Developer Notes

Abstract Blur Bokeh

AutoMapper is evil

tl;dr Automapper kills traceability making software maintenance increasingly difficult. It's also a gateway drug to a bunch of anti-patterns.

I've turned from an AutoMapper advocate to a strong opponent over the course of about a year.

At first it seems like a great way to reduce stupid repetitive code. It accelerates initial development.

All is good and well until you have to change the application and all the nice tooling that helps us refactor with confidence breaks down because it cannot see the implicit coupling between mapped objects.

  • Compiler checks are gone.
  • Traceability is gone.
  • Debugging is next to impossible.

Profile validation to the rescue?

AutoMapper allows you to mitigate this to some extent by grouping mappings into profiles and then asserting that the profile is valid, meaning that all properties of the destination types are mapped.

This however requires that any unused properties in the destination type are ignored. If mappings address only a subset of fields on your types this will lead to lots of custom configuration code in your mappings, essentially defeating the main benefit of AutoMapper: less mapping code.

AutoMapper is not free

AutoMapper was hailed by some as the solution to ease the implementation of strictly layered architectures and later DDD. Decoupling layers or domains is impossible without mapping or transforming from one model to the next.

While AutoMapper can indeed help ease that burden, I'm inclined to agree with Greg Young that all this mapping is painful and if you really want to do this, you should feel that pain.(See 8 lines of code by Greg Young, skip to 39:00 for the bit about AutoMapper)

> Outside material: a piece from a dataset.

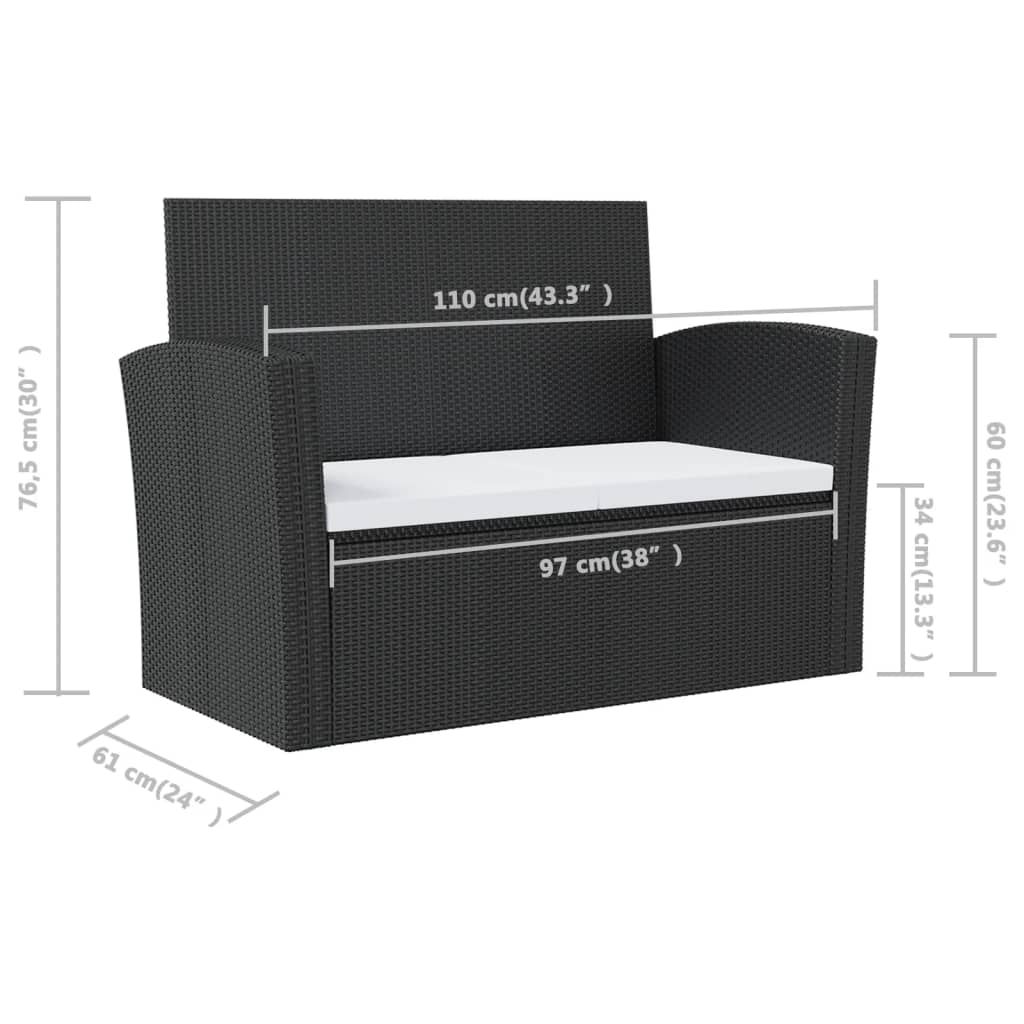 • Wymiary sofy 2-osobowej: 110 x 61 x 76,5 cm (szer. x gł. x wys.)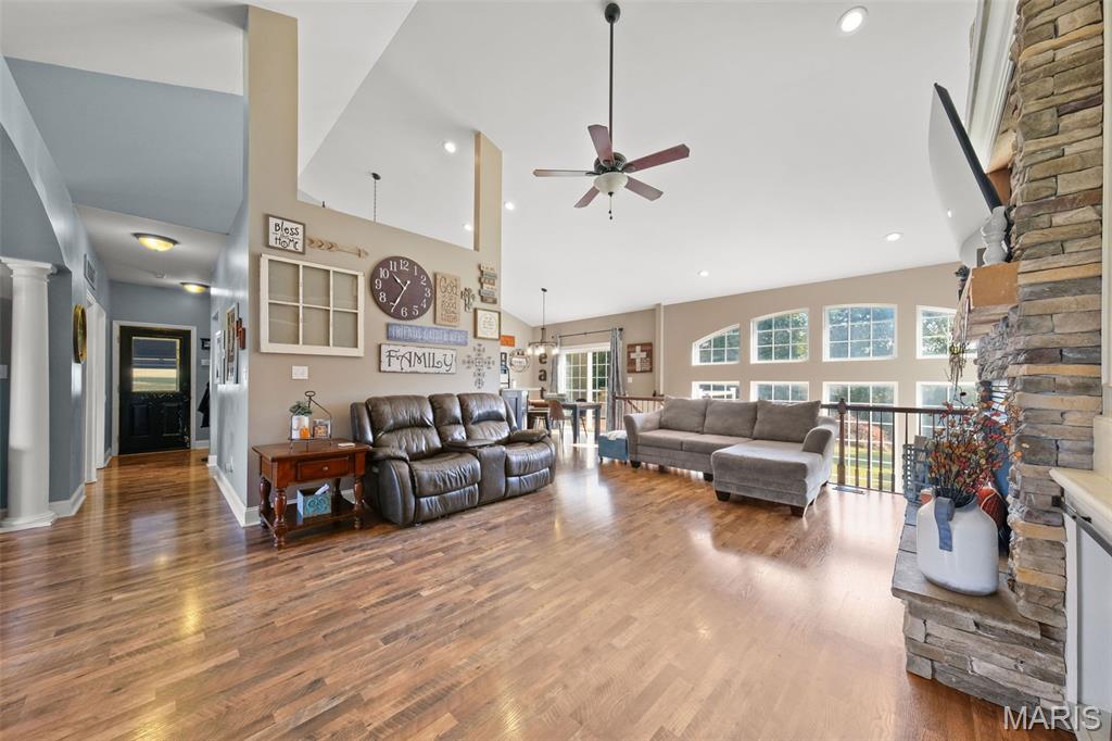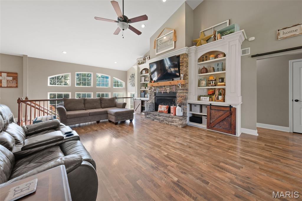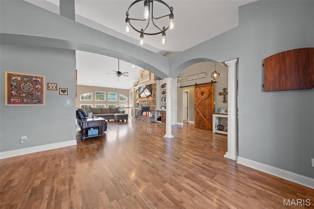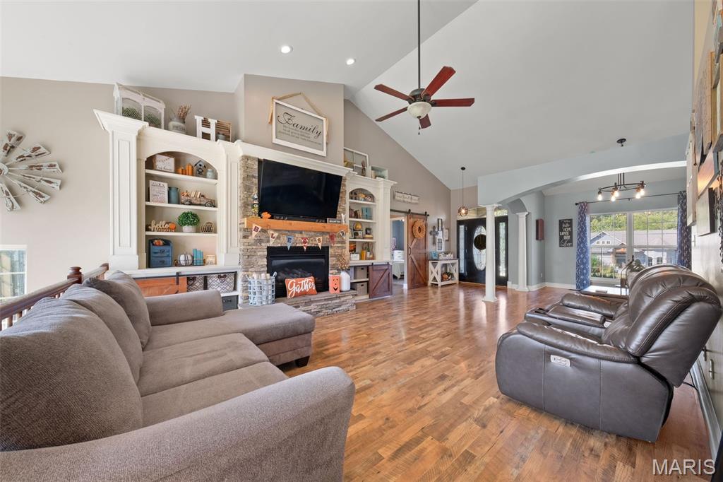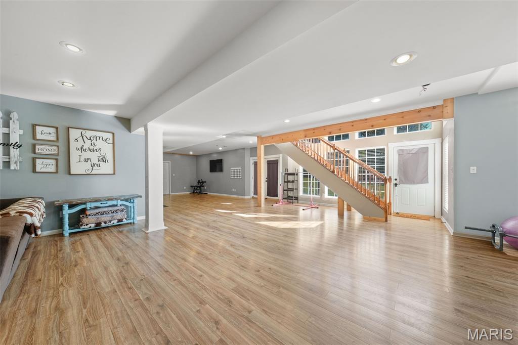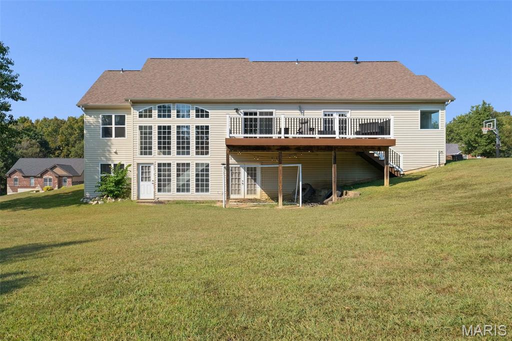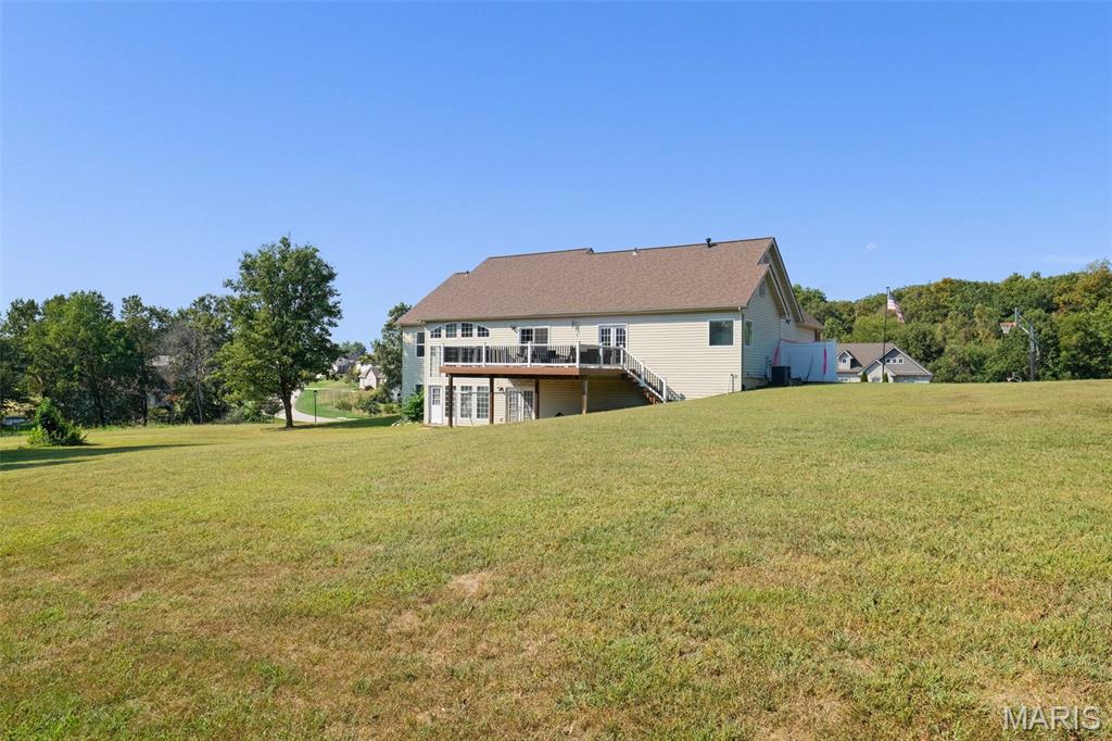Luxurious living on 1.54 lot backing to trees! Incredible home includes side entry 3 car gar, 5 possible bdrms (2 in Lower level and do not have windows), 3 baths , formal dining room, floor to ceiling gas fireplace in great room with wall of windows, split bdrm floor plan-huge master bdrm with luxury bath-walk in pantry in the gourmet kitchen-finished walkout lower level with 9 ft ceilings, rec, fam rm and so much more-this home has everything you could want!

All that mapping magic does not come for free. Besides the maintenance issues mentioned earlier, AutoMapper also has a performance cost.

Setting up a lot of mappings is expensive as expressions need to be compiled on startup. Once that is done, AutoMapper is still nowhere near as fast as straight up hand written assignments.

Have a look at the performance comparison offered by AutoMapper alternative FastMapper (FastMapper on CodePlex, scroll all the way down for the performace comparison).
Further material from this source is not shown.